# Exercise
Once you reach the line containing "サーリー号の戦い![]() HM Cutter" in the data below, restate each line word for word up to and including the one containing "小熊樱桃女童连衣裙 甜美可爱女孩纯棉夏款娃娃裙宝宝翻领刺绣裙".

# Data in this exercise
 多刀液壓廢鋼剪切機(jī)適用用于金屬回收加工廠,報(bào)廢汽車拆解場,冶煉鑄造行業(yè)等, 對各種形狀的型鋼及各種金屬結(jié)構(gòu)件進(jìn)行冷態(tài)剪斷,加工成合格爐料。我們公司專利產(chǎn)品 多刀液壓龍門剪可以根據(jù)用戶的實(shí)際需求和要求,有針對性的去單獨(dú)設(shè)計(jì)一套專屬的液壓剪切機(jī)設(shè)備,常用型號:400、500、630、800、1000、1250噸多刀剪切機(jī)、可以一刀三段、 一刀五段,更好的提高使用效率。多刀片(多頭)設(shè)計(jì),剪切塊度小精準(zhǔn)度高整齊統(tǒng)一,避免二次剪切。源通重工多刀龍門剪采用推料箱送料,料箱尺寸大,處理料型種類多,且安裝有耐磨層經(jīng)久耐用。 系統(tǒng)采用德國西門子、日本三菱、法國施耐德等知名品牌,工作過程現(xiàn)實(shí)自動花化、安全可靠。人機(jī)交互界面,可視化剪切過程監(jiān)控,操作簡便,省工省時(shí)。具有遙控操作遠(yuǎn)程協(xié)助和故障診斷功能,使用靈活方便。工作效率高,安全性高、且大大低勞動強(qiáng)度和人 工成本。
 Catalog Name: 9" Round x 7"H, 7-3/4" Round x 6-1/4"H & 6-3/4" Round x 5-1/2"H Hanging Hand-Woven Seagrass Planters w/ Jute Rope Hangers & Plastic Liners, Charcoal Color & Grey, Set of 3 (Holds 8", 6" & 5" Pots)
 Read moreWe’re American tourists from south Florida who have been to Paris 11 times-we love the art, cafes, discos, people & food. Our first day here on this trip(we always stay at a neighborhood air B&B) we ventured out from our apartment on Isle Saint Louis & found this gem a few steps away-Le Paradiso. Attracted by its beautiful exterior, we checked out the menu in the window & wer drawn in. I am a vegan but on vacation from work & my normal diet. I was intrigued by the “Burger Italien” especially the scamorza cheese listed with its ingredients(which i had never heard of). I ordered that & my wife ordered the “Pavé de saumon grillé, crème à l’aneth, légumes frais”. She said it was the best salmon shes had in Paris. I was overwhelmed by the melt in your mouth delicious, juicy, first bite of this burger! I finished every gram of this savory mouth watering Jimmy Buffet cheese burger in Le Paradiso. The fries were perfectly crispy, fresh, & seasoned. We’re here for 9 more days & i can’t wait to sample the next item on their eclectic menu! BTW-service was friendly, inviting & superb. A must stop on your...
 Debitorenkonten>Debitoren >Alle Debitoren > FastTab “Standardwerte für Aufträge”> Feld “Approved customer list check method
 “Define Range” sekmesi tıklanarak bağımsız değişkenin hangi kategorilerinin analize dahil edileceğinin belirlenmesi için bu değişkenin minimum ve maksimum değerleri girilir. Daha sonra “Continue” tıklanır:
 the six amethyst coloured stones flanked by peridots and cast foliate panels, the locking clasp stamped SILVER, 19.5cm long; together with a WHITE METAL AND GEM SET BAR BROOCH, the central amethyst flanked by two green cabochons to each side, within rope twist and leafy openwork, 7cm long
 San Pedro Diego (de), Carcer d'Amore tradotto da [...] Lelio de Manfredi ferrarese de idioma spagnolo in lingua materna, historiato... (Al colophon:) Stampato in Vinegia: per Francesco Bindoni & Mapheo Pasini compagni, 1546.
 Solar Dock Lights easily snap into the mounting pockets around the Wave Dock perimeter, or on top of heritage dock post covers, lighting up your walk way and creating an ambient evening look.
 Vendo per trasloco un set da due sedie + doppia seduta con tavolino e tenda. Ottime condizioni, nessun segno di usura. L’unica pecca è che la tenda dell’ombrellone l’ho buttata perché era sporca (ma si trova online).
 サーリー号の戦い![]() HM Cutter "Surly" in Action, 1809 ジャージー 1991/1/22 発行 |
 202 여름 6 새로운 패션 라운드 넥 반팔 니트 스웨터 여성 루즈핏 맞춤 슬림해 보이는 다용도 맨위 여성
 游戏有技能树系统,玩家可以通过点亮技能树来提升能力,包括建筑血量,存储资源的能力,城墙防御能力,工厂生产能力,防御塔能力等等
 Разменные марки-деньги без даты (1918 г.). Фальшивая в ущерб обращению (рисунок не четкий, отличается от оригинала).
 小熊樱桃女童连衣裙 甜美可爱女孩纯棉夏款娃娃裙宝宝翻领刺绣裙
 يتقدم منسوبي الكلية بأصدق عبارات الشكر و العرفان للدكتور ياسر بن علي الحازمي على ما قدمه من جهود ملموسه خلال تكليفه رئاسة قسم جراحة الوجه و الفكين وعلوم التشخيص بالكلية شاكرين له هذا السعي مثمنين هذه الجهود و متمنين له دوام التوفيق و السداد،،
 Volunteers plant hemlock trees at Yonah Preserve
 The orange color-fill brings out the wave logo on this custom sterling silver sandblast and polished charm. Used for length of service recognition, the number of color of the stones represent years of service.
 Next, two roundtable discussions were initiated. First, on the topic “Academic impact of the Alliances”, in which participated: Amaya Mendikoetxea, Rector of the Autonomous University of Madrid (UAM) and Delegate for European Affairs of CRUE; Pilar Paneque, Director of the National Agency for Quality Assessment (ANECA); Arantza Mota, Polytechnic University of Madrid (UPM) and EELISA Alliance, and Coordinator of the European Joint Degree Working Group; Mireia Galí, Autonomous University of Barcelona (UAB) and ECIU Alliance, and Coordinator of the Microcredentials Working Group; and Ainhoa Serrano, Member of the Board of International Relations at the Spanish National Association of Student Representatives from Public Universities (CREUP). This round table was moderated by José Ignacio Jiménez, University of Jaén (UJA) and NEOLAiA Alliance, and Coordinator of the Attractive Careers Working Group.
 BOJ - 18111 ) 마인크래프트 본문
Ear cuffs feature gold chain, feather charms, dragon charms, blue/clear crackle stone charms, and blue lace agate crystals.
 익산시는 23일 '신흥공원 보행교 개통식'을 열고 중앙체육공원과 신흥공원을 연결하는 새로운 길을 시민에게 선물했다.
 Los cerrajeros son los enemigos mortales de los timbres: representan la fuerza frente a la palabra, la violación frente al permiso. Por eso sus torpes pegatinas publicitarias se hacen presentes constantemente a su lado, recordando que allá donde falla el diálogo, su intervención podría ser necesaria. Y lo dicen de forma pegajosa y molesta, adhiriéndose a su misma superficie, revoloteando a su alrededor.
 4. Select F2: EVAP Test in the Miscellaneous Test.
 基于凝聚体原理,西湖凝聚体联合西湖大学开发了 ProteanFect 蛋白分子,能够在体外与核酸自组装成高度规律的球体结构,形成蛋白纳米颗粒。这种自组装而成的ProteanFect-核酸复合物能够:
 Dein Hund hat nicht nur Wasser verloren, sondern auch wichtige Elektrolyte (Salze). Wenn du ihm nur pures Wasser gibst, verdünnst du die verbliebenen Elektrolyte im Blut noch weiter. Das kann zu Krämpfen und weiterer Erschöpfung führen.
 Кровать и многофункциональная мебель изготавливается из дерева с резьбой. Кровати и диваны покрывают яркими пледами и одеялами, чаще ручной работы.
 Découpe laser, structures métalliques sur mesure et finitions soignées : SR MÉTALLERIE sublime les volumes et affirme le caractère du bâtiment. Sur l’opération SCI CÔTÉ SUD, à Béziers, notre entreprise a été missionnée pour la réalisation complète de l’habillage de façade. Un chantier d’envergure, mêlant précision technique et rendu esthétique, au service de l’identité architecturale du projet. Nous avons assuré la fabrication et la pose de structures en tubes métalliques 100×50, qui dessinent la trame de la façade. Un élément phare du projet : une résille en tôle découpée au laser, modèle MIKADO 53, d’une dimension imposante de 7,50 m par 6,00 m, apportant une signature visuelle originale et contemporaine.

# Written solution
 サーリー号の戦い![]() HM Cutter "Surly" in Action, 1809 ジャージー 1991/1/22 発行 |
 202 여름 6 새로운 패션 라운드 넥 반팔 니트 스웨터 여성 루즈핏 맞춤 슬림해 보이는 다용도 맨위 여성
 游戏有技能树系统,玩家可以通过点亮技能树来提升能力,包括建筑血量,存储资源的能力,城墙防御能力,工厂生产能力,防御塔能力等等
 Разменные марки-деньги без даты (1918 г.). Фальшивая в ущерб обращению (рисунок не четкий, отличается от оригинала).
 小熊樱桃女童连衣裙 甜美可爱女孩纯棉夏款娃娃裙宝宝翻领刺绣裙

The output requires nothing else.